На этот раз беседа носила деловой характер. Было условлено в ближайшие дни приступить к стенографированию последней части романа "Преступление и наказание", который в начале года должен был закончиться печатанием в "Русском вестнике".
8 ноября Анна Григорьевна явилась на свою новую работу. Она нашла Достоевского несколько взволнованным.
"Я поспешила спросить Федора Михайловича, чем он был занят за последние дни.
- Новый роман придумывал, - ответил он...
- ...Кто же герой вашего романа?
- Художник, человек уже не молодой, ну, одним словом, моих лет.
- Расскажите, расскажите, пожалуйста, - просила я, очень заинтересовавшись новым романом.
И вот в ответ на мою просьбу полилась блестящая импровизация. Никогда, ни прежде, ни после, не слыхала я от Федора Михайловича такого вдохновенного рассказа, как в этот раз. Чем дальше он шел, тем яснее казалось мне, что Федор Михайлович рассказывает свою собственную жизнь, лишь изменяя лица и обстоятельства. Тут было все то, что он передавал мне раньше мельком, отрывками. Теперь подробный последовательный рассказ многое мне объяснил в его отношениях к покойной жене и к родным...
- ...И вот, - продолжал свой рассказ Федор Михайлович,- в этот решительный период своей жизни художник встречает на своем пути молодую девушку ваших лет или на год-два постарше...
...Возможно ли, чтобы молодая девушка, столь различная по характеру и по летам, могла полюбить моего художника? Не будет ли это психологическою неверностью? Вот об этом-то мне и хотелось бы знать ваше мнение, Анна Григорьевна.
- Почему же невозможно? Ведь если, как вы говорите, ваша Аня не пустая кокетка, а обладает хорошим, отзывчивым сердцем, почему бы ей не полюбить вашего художника? Что в том, что он болен и беден? Неужели же любить можно лишь за внешность да за богатство? И в чем тут жертва с ее стороны?
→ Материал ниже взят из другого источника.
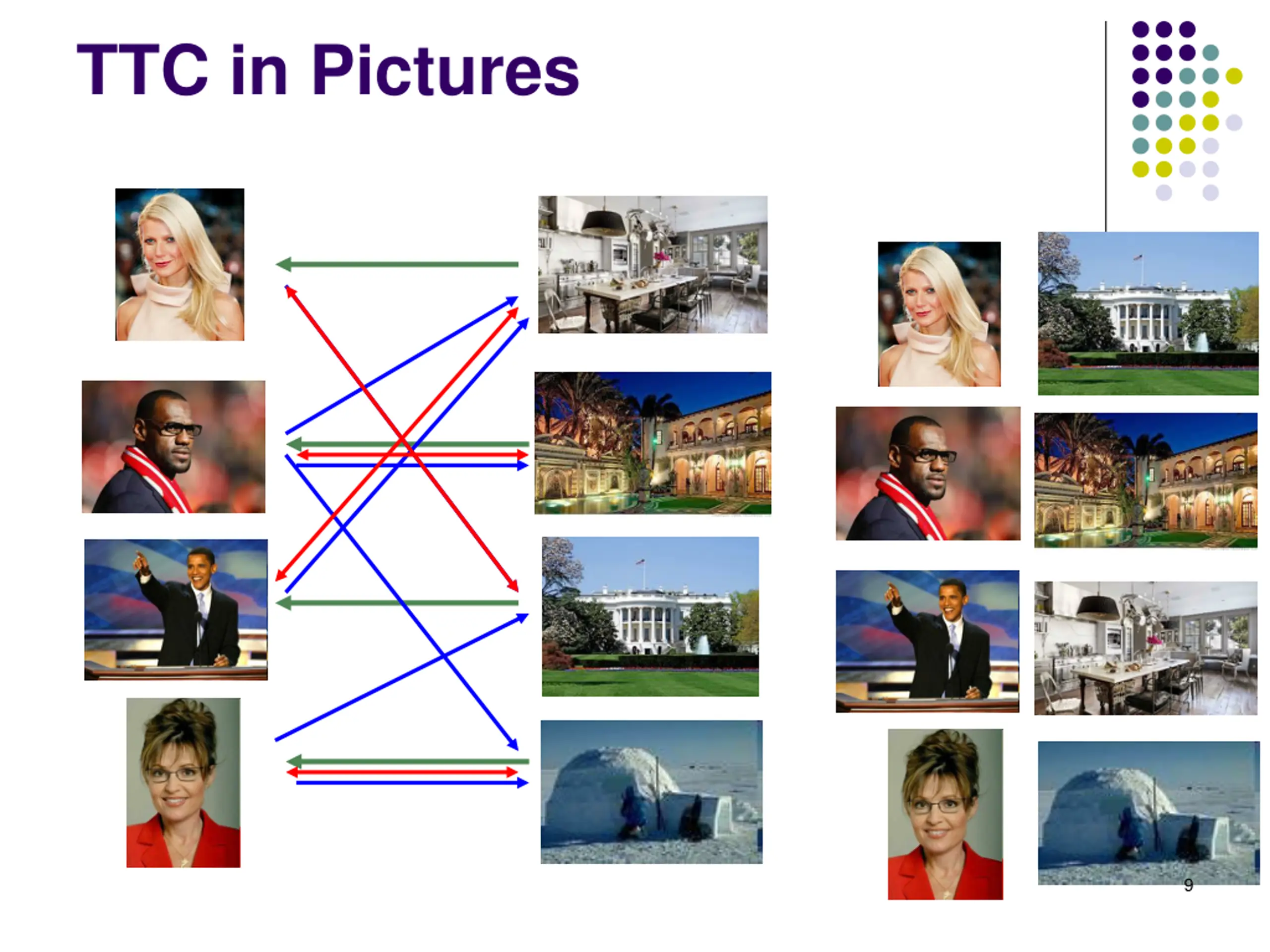 Top Trading Cycles Now imagine that individuals start with a house, but the original allocation might not be efficient. Gale s TTC algorithm Each person points to most preferred house Each house points to its owner This creates a directed graph, with at least one cycle. Remove all cycles, assigning people to the house they are pointing at. Repeat using preference lists where the assigned houses have been deleted. 8
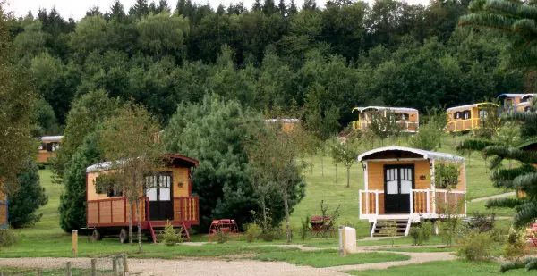 Les Roulottes des Monédières sont implantées sur un magnifique terrain vallonné de 3 ha en bordure d'un étang, en lisière d'un arboretum et de la « Maison de l'Arbre ».

Если она его любит, то и сама будет счастлива и раскаиваться ей никогда не придется!
Я говорила горячо Федор Михайлович смотрел на меня с волнением.
- И вы серьезно верите, что она могла бы полюбить его искренно и на всю жизнь?
Он помолчал, как бы колеблясь.
- Поставьте себя на минуту на ее место, - сказал он... - Представьте, что этот художник - я, что я признался вам в любви и просил быть моей женой. Скажите, что вы бы мне ответили?
Лицо Федора Михайловича выражало такое смущение, такую сердечную муку, что я, наконец, поняла, что это не просто литературный разговор и что я нанесу страшный удар его самолюбию и гордости, если дам уклончивый ответ. Я взглянула на столь дорогое мне, взволнованное лицо Федора Михайловича и сказала:
- Я бы вам ответила, что вас люблю и буду любить всю жизнь".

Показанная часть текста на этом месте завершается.